Problem statement: Beginning with the line containing "14k White Gold" and ending with the line containing "NEW YORK HERALD, March", write out each line of the records below exactly; pictures and lines outside that range are left out.
[The records — start]
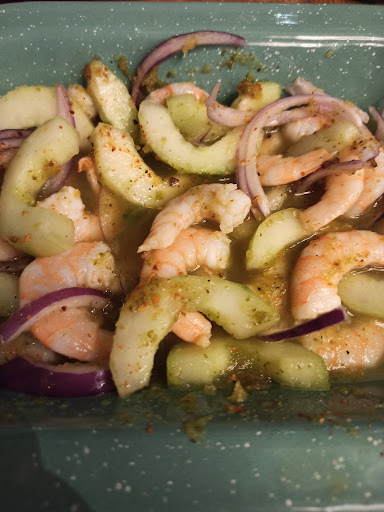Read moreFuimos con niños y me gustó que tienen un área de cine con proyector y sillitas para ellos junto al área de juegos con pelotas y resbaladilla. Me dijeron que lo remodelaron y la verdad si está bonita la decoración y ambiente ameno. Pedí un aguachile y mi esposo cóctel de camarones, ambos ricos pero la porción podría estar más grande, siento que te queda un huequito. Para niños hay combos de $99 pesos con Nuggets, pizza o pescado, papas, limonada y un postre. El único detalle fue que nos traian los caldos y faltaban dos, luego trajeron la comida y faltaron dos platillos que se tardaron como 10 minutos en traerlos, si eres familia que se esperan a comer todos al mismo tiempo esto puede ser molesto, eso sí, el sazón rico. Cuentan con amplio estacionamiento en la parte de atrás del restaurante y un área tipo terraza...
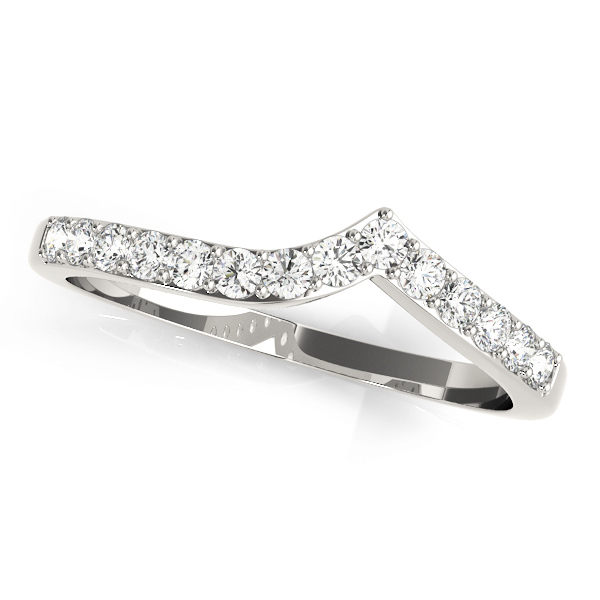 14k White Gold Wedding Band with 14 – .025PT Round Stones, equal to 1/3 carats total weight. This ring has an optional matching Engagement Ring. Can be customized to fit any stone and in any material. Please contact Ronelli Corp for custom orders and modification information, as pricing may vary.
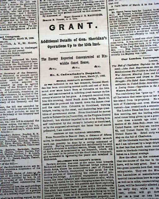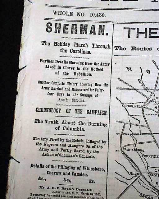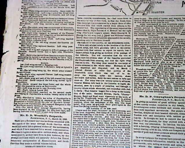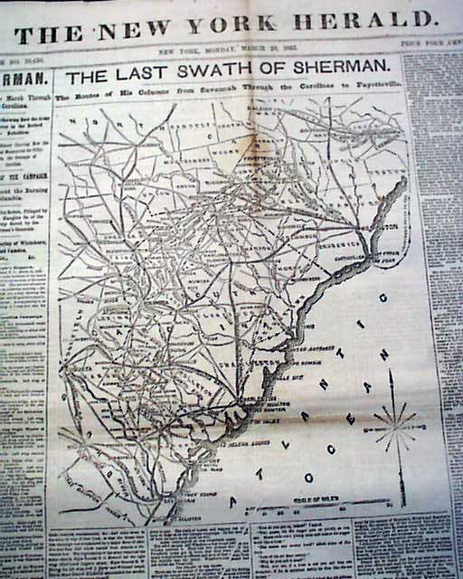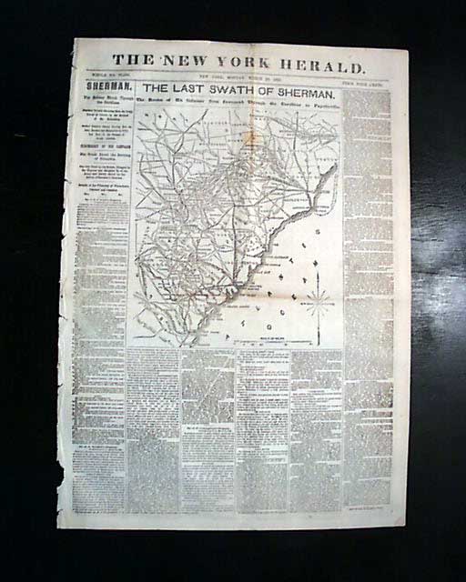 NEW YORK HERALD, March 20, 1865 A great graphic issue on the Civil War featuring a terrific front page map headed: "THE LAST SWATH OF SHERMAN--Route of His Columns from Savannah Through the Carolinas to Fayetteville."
[The records — finish]
[The records — start]
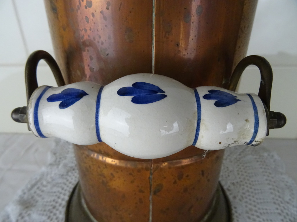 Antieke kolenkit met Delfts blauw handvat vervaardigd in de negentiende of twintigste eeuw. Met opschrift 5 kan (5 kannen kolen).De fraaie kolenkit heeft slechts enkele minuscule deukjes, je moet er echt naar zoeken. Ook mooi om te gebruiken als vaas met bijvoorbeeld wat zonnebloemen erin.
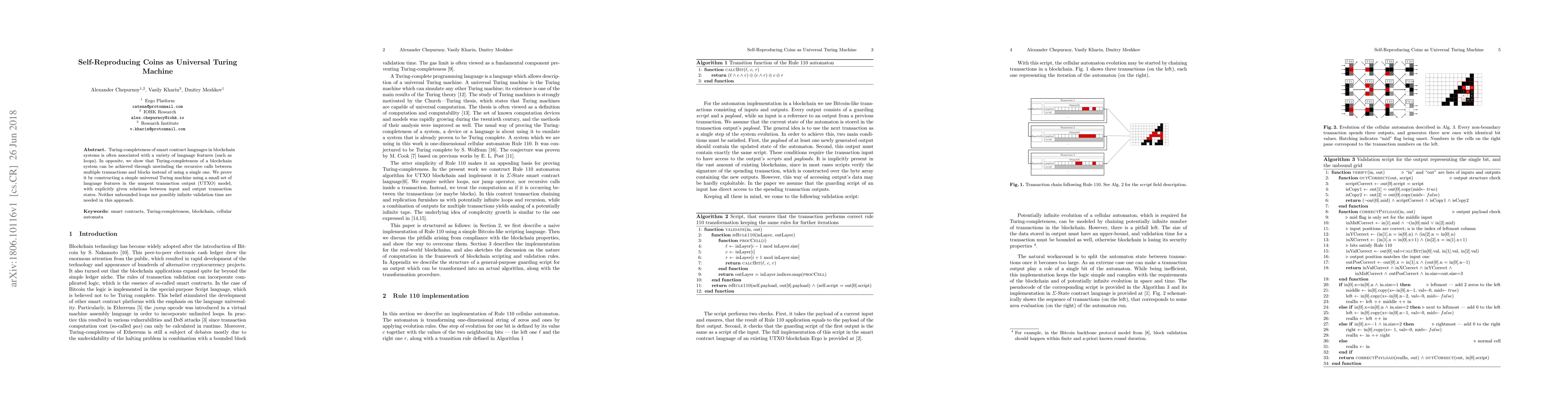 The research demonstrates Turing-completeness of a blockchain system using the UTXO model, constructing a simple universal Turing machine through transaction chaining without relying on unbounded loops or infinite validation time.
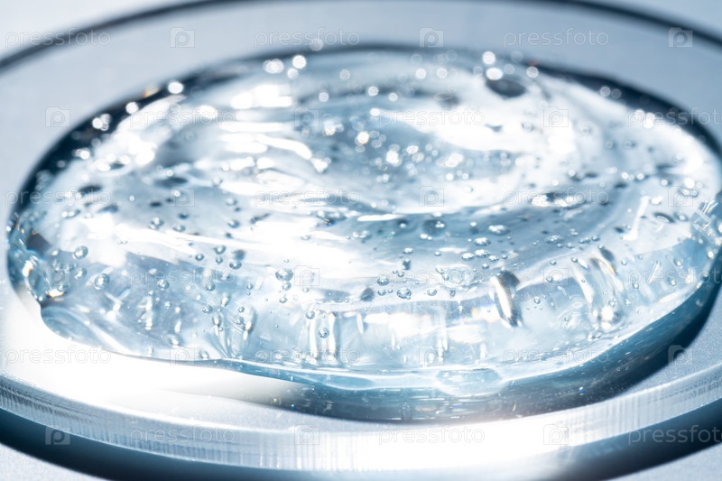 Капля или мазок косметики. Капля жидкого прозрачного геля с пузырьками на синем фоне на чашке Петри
[The records — finish]
Solution to this task:
 14k White Gold Wedding Band with 14 – .025PT Round Stones, equal to 1/3 carats total weight. This ring has an optional matching Engagement Ring. Can be customized to fit any stone and in any material. Please contact Ronelli Corp for custom orders and modification information, as pricing may vary.
 NEW YORK HERALD, March 20, 1865 A great graphic issue on the Civil War featuring a terrific front page map headed: "THE LAST SWATH OF SHERMAN--Route of His Columns from Savannah Through the Carolinas to Fayetteville."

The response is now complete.